Taking the listing below, restate word for word each line from the line with "- The Mark of" to the line with "Teks Ucapan Ketua Pengawas Pdf", ends included, and stop there.

(Listed records begins)

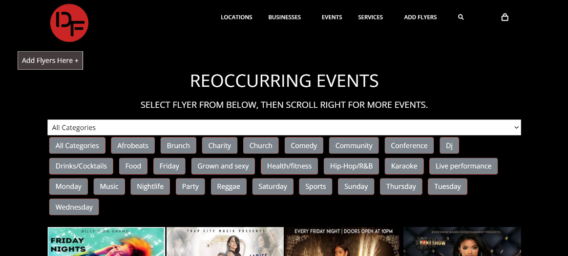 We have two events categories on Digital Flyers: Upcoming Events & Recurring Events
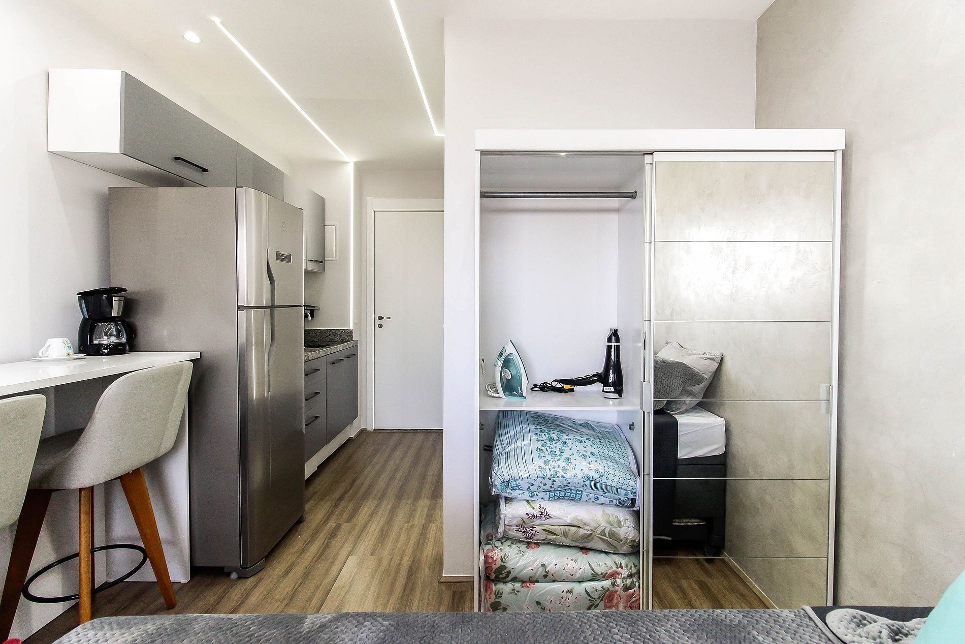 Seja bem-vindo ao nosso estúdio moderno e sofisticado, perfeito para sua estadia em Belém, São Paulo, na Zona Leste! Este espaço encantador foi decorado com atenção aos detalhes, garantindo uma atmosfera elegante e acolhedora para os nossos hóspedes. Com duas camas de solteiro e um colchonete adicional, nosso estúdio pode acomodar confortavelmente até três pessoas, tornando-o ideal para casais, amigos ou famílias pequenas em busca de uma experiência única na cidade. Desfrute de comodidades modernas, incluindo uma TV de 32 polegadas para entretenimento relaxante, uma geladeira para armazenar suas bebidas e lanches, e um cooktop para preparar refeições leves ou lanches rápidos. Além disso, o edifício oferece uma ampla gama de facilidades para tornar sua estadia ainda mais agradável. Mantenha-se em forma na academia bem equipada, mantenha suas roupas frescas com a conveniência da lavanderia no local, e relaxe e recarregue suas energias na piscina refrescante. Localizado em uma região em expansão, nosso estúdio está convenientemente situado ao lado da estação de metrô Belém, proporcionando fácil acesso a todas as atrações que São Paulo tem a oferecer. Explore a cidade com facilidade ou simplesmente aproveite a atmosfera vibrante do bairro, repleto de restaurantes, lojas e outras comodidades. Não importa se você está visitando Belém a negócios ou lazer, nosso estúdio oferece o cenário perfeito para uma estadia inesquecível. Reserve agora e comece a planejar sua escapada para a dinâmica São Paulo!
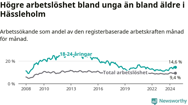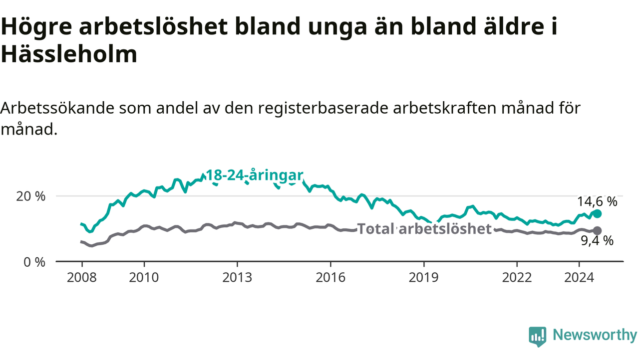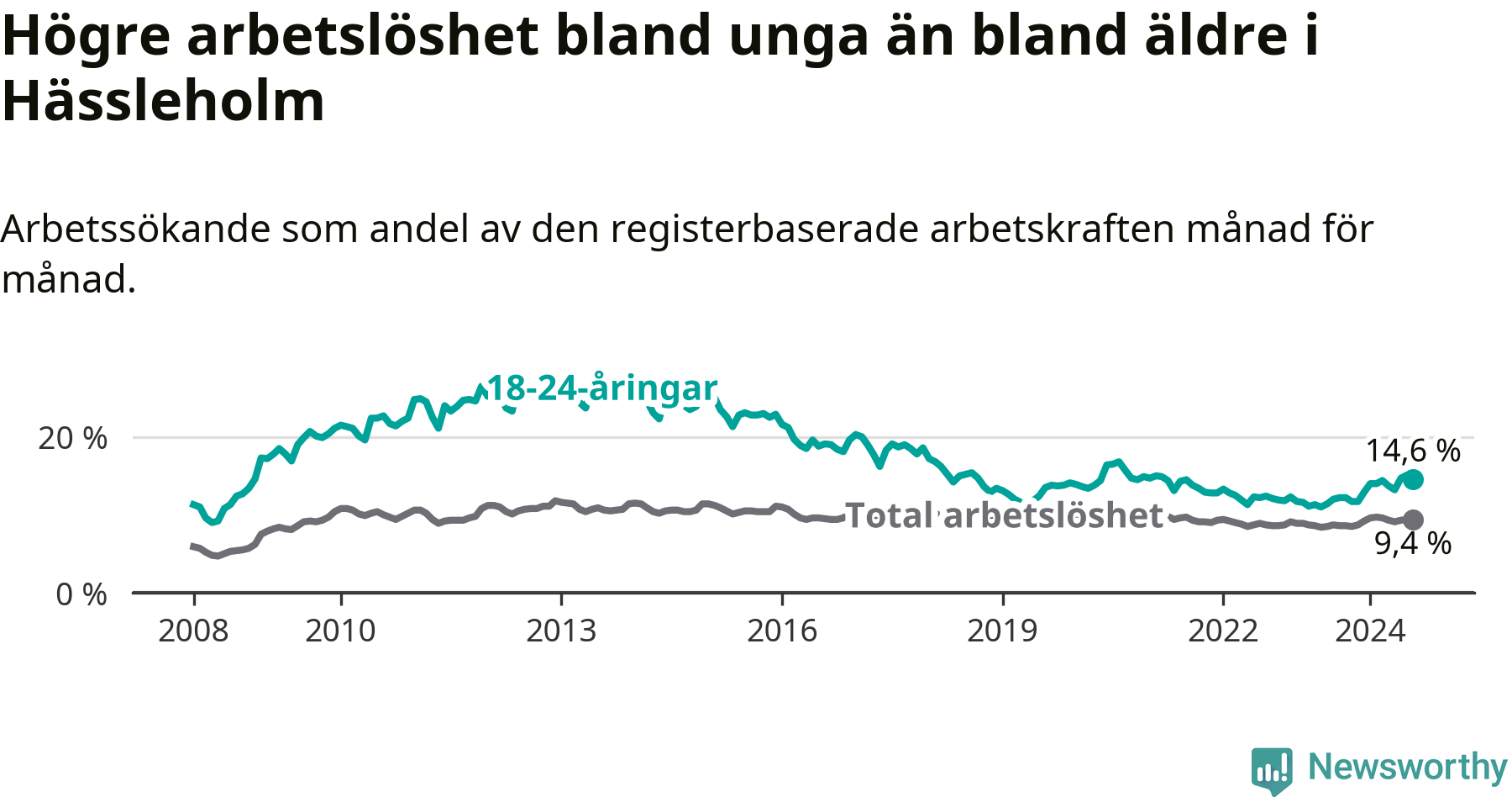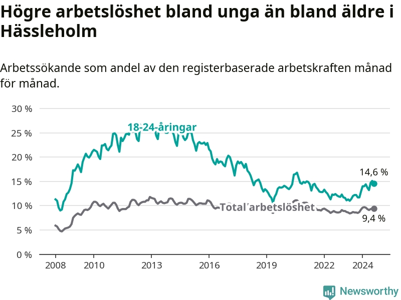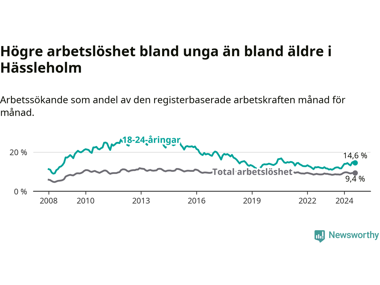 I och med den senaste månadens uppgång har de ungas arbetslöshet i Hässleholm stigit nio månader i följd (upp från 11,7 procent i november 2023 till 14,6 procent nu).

(Listed records ends)
(Listed records begins)

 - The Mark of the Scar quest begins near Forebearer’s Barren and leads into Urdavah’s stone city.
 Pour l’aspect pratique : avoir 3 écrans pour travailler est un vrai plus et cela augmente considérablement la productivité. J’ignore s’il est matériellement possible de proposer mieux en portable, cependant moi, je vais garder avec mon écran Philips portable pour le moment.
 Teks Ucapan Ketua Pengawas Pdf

(Listed records ends)

-- Response to this exercise --
 - The Mark of the Scar quest begins near Forebearer’s Barren and leads into Urdavah’s stone city.
 Pour l’aspect pratique : avoir 3 écrans pour travailler est un vrai plus et cela augmente considérablement la productivité. J’ignore s’il est matériellement possible de proposer mieux en portable, cependant moi, je vais garder avec mon écran Philips portable pour le moment.
 Teks Ucapan Ketua Pengawas Pdf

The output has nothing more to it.